If both wings have the same incidence and the wings are not staggered (= they sit at the same lengthwise location along the fuselage), then yes, their lift is split equally between both.
Most biplanes were (and sometimes still are) single- or two-seaters and in order to give the pilot good forward and upward visibility, the upper wing is shifted forward a bit (positive stagger). This will place it closer to the upwash (flow field ahead of the wing with increased angle of attack) of the bottom wing and in turn place the bottom wing closer to the downwash (flow field past the wing with reduced angle of attack) of the top wing. This effect becomes stronger with increasing angle of attack of the whole biplane, so at high speed the load distribution is still nearly 50-50 while in slow flight or tight turns the top wing carries the majority of the load. How much that is depends obviously on the amount of stagger.
The formula for the interference drag is the Biot-Savart law which describes the effect of one lift-creating object on its surroundings. Since both wings interfere mutually, the solution is not straightforward but needs several steps:
- First, the location of a lift-creating vortex and its two trailing vortices is defined. A wing should be split into several sections which all have their own vortex strength. The more sections, the more precise the result will be. For a biplane this needs to be done twice, of course.
- Then a number of points where the local flow direction is prescribed must be defined.

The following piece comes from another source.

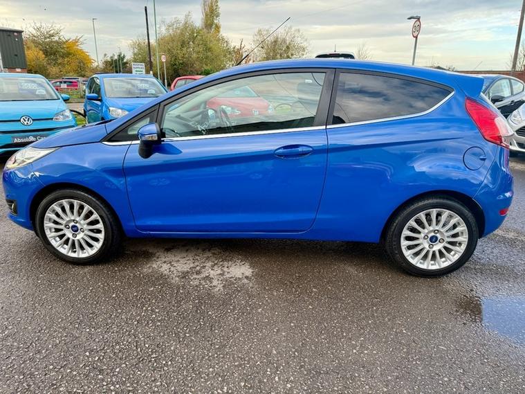 ABSOLUTE CARS have this 3 Door Ford Fiesta 1.0 Titanium Euro 5 (s/s) in metallic blue with Alloys. An Ideal First Car + Only £20 a Year Tax ! Call in for a test drive, finance arranged & part exchange considered., 3 months warranty, Next MOT due 18/06/2026, Last serviced on 30/10/2025 at 77, 568 miles, Full service history, Grey interior, 5 seats, Metallic Blue, 4 owners, 12V Power Socket - Front, 16in Alloy Wheels - 15 Spoke, 4.2in TFT Display, ABS - Anti-lock Braking System, Aesthetic Lighting Package, Airbags - Curtain, Airbags - Driver Side Knee, Airbags - Front Passenger, Airbags - Head and Thorax, Airbags - Passenger Deactivation, Armrest - Centre Console, Automatic Dimming Rear View Mirror, Automatic Rain Sensing Wipers, Brake Warning Lights - Automatic Flashing of Brake Lights Under Heavy Braking, Bumpers - Front and Rear - Body Colour, Centre Console - with Trinket Tray - Two Cup Holders, Chrome Belt Line Finisher, Courtesy Light - Overhead with Theatre-Style Dimming, Courtesy Lights with Map Reading Lights, Cruise Control, Door Handles - Body Colour, Drivers Airbag, EATC - Electronic Automatic Temperature Control - Climate Control, EBA - Emergency Brake Assist, EBD - Electronic Brakeforce Distribution, ECOmode, EPAS - Electric Power Assisted Steering, ESP - Electronic Stability Programme, Electric Windows - Front with One Touch Lowering Drivers, Emergency Assistance, Emergency Brake Warning - Automatic Hazard Warning Lights, Floor Mats - Front and Rear - Velour, Ford AM-FM CD Audio System, Ford Easy Fuel Capless Refuelling System with Misfuel Inhibitor, Front Fog Lights - Chrome Bezel Rings, Front Lower Grille - Chrome Surround, Front Lower Grille Insert and Surround - Black, Front Seatback Map Pockets - Driver and Passenger, Front Upper Grille - Chrome Finish Surround, Front Upper Grille Insert - Chrome bars, Gear Knob - Leather, Gearshift Indicator Light, Gearshift Knob - Leather-Trimmed with Chrome Finish Bezel, Glovebox - Illuminated, Handbrake Release Knob - Chrome, Head Restraints - 2-way Adjustment, Head Restraints - Rear 2-Way Adjustment, Headlights - Automatic, Headlights - Courtesy Delay, Headlights - Follow Me Home, Headlights - Halogen Projector with Silver Bezel, Headliner - Woven, Heated Front Windscreen, High-Mounted Rear Brake Light, Hill Start Assist, IPS - Intelligent Protection System, Interior Door Lever - Chrome Finish, LED Ambient Courtesy Lighting, LED Daytime Running Lights, Leather-Trimmed Handbrake, Loadspace Compartment Light, Loadspace Floor Carpet, Locking Wheel Nuts, MyKey, Passenger Airbag Deactivation Indicator, Passengers seat manual 2-way adjustment, Perimeter Anti Theft Alarm, Pollen Filter, Power Fold Door Mirrors, Rake and Reach Steering Adjustable, Rear Courtesy Lights, Rear Privacy Glass, Rear Seats Back - Carpet, Rear Spoiler - Body Colour, Remote Central Locking, Removable Package Tray, Seats - 60-40 Split Folding Back and Fixed Cushion, Seats - Drivers 4-Way Adjustment, Seats - Drivers Lumbar Support, Seats - Front Comfort Style, Seats - ISOFIX Mounting Brackets for Child Seats, Second Remote Ignition Key, Sony DAB Digital Radio, Speakers - x8, Steering Wheel - 3-Spoke - Leather Trimmed with Bezel, Steering Wheel - Multifunction, Stowage Pockets - Driver and Front Passenger Seatbacks, Suspension - Front Stabiliser Bar, Tailgate Handle - Body Colour with Chrome Finisher, Trip Computer, Tyre Inflator Kit, USB and AUX Connection for External Music Devices, AS WE ARE AN AA CARS DEALER THIS VEHICLE COMES WITH 12 MONTHS AA BREAKDOWN COVER.

Whereas the vortex usually is located at the quarter of the wing chord, those points are best placed at three quarters of the wing chord; again spread over the span of the wings. They are called control points.
- Now the influence of a particular vortex on a particular control point is described using the Biot-Savart law. After this has been done for all vortices and all control points, those influences define a matrix.
- By solving the matrix equation for tangential flow at the control points, the strength of the single vortices in the influence of all other vortices can be calculated.
A more elaborate description of the process can be found in NASA Technical Note D-5335.